In a study conducted in Scotland, chronically infected typhoid and paratyphoid individuals exhibited superior incidence of GBC and some were exposed to colon, rectum, pancreas and lung cancer coupled with other rarely occurring neoplasms[35]. Consequent investigations confirmed these findings, suggesting typhoid infected individuals with enhanced incidence of the hepatobiliary cancer, though not supported by any serological evidence[43]. On the other hand, serological investigations performed in Northern India, indicated that the frequencies of isolation of S. typhi from bile, gallstones and gallbladder tissue from GBC infected individuals were significantly higher in comparison to those individuals who were suffering from benign gallbladder cancer[44]. The proportion of people having anti-Vi serum antibody titers were 38.5 %, 13.9 % and 9.2 % for GBC patients, benign gallbladder cancer and healthy individuals, respectively. In a study conducted by Tewari et al.[45] hepatobiliary samples from GBC patients contained 67.3 % of S. typhi flagellin gene which was detected using a specific nested Polymerase Chain Reaction (PCR) technique. This percentage was significantly lower in individuals among benign gallbladder disease individuals.

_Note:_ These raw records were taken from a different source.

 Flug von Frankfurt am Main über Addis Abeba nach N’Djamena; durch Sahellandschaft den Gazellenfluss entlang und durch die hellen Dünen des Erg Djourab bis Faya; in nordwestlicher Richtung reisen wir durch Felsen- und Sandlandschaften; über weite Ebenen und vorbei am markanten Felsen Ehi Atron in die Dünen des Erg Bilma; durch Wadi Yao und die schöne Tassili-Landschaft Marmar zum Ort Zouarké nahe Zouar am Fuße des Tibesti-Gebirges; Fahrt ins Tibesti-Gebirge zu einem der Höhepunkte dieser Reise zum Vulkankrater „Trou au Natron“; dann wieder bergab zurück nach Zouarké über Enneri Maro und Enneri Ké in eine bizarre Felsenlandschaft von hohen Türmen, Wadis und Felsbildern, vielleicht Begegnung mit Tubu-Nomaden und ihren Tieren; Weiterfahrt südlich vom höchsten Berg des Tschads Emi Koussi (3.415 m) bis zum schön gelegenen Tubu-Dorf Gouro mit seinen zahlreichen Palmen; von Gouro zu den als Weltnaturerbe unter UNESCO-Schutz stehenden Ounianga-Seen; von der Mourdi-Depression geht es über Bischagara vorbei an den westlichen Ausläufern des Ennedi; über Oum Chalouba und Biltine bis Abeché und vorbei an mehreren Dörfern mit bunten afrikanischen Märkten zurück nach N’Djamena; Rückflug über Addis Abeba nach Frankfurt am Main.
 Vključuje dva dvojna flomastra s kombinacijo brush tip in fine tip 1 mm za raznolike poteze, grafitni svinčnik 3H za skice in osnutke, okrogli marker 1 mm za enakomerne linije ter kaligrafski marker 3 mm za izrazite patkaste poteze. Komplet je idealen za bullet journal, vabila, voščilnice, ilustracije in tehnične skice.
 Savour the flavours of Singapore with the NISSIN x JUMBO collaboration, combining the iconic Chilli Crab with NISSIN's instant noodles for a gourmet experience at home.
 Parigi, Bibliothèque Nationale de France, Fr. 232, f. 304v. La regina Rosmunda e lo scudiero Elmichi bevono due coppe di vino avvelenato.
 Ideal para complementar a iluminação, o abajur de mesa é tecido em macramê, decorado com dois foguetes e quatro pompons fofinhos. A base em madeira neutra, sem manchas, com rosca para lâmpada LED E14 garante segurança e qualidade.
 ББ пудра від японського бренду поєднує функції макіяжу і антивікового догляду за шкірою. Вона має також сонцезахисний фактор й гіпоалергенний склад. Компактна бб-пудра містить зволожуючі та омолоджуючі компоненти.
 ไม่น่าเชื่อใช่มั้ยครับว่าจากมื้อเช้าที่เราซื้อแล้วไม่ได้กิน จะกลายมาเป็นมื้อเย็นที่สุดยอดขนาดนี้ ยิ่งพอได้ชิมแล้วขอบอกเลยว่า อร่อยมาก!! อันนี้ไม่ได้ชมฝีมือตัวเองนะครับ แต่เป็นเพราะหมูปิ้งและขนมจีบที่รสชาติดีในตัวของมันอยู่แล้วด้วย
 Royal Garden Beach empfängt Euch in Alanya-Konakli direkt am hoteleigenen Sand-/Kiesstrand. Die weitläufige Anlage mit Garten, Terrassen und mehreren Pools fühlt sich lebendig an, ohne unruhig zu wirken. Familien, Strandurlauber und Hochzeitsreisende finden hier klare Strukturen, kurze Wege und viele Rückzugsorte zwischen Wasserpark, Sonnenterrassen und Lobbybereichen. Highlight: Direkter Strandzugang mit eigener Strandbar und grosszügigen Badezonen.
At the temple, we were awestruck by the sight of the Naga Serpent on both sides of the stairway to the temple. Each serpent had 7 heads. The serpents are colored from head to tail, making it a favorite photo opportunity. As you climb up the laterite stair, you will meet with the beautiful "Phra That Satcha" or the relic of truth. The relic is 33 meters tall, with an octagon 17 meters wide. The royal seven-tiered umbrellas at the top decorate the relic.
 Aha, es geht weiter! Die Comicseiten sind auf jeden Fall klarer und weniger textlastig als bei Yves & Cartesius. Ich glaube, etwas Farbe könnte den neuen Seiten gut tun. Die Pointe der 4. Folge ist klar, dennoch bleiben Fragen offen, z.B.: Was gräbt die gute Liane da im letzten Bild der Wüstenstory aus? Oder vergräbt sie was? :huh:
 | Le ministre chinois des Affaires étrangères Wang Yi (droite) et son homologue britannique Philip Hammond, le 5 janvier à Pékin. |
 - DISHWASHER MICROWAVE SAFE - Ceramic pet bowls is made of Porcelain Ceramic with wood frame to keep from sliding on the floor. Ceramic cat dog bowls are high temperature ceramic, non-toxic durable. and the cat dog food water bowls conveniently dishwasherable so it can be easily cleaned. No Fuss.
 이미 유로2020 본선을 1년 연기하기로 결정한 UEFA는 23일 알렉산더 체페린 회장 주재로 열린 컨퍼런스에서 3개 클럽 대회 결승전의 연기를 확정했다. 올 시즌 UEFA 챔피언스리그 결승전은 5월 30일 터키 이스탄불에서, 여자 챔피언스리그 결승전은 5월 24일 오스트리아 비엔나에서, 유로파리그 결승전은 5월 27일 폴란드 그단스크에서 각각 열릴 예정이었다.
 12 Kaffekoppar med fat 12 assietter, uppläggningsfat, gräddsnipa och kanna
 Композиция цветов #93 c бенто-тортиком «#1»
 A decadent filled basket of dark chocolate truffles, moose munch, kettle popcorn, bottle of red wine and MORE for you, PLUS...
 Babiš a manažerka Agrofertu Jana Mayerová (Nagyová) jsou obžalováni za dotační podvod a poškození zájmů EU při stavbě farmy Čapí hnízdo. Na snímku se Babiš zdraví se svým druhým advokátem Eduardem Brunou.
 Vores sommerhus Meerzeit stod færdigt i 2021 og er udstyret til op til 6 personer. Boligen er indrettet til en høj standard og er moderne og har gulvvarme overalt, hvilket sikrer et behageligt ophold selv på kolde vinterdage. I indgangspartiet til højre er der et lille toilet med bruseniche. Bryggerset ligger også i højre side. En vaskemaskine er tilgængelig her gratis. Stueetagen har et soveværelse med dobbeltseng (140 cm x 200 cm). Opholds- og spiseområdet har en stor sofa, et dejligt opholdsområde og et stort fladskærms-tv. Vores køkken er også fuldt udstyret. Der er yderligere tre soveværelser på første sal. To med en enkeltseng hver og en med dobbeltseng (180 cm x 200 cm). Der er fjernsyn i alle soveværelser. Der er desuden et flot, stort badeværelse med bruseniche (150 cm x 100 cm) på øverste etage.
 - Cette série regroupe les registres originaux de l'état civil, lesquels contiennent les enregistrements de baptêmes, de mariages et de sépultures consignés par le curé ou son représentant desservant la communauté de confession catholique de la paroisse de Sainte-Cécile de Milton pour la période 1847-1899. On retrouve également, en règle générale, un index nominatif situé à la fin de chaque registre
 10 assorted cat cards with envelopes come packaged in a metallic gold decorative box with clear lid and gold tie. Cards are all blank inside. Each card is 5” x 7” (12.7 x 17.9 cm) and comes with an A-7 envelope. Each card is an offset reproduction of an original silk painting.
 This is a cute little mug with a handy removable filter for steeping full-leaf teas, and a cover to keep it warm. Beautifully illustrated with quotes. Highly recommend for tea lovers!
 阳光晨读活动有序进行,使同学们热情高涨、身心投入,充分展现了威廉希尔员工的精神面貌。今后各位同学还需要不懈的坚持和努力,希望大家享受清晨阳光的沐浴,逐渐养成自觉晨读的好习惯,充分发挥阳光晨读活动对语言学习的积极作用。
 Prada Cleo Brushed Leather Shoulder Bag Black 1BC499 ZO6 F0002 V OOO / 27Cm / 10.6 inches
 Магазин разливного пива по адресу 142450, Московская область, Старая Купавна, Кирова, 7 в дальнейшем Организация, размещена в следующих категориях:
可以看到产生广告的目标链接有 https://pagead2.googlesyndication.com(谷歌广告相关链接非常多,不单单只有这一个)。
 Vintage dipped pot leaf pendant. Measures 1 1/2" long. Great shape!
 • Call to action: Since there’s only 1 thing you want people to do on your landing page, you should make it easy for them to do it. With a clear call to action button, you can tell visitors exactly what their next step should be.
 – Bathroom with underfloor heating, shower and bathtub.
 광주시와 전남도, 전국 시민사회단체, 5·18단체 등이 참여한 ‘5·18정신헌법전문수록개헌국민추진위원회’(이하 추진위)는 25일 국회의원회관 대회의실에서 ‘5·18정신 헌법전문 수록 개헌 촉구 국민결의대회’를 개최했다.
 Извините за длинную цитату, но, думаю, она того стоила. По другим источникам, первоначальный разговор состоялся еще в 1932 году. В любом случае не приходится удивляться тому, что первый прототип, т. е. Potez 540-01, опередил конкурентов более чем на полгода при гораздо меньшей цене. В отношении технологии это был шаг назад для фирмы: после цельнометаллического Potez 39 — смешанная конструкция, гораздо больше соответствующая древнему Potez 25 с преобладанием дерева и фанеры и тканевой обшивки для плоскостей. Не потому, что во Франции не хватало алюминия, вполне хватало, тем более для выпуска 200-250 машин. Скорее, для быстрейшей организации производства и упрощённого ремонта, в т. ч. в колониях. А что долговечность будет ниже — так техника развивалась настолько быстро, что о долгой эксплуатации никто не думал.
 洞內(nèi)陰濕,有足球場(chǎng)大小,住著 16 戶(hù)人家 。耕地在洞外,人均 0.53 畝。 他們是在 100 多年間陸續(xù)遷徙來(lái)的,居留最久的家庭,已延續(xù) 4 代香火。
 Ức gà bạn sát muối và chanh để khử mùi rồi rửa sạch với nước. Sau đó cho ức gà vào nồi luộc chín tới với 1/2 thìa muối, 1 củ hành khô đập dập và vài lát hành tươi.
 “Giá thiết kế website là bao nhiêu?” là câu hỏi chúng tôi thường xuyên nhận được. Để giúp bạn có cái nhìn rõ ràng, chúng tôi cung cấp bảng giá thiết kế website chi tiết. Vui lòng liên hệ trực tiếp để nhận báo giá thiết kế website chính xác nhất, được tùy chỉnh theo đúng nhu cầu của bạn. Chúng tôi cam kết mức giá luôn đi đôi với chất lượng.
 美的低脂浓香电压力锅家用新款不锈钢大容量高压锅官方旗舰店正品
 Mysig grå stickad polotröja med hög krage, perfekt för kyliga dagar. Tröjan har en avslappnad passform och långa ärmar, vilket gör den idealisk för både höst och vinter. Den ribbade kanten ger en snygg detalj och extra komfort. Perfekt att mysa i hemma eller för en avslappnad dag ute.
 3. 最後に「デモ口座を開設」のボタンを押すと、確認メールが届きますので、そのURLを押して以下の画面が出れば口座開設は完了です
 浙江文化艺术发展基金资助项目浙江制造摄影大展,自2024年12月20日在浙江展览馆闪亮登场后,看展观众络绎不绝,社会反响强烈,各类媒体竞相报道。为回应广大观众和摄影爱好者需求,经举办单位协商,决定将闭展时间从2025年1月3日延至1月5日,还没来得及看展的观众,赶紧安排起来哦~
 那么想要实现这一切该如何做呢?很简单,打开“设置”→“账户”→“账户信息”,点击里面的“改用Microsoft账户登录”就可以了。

Histologically, over 80 % of GBC are associated with gallstones while 10 % are associated with adenocarcinomas[46]. Studies have shown that chronic S. typhi carrier status is strongly correlated with the presence of gallstones[47].

Although GBC and S. typhi exhibit positive association, the mechanism that facilitate chronic persistence as well as the possible carcinogenic properties of S. typhi remain unclear. The production of biofilms may contribute significantly to the colonization and chronic persistence of S. typhi. This observation is supported by some findings indicating that a lipid-rich bile with antimicrobial characteristics situated in the gallbladder enhances the synthesis of O-antigen that enables the formation of S. typhi biofilm on human gallstones[48]. Hence, gallstones which are embedded with biofilm may represent the most conducive niche for the persistence of bacteria in the gallbladder and may cause recolonization of the intestinal tract and shedding via faeces. This phenomenon will lead to the transmission of bacterial agent to a new host.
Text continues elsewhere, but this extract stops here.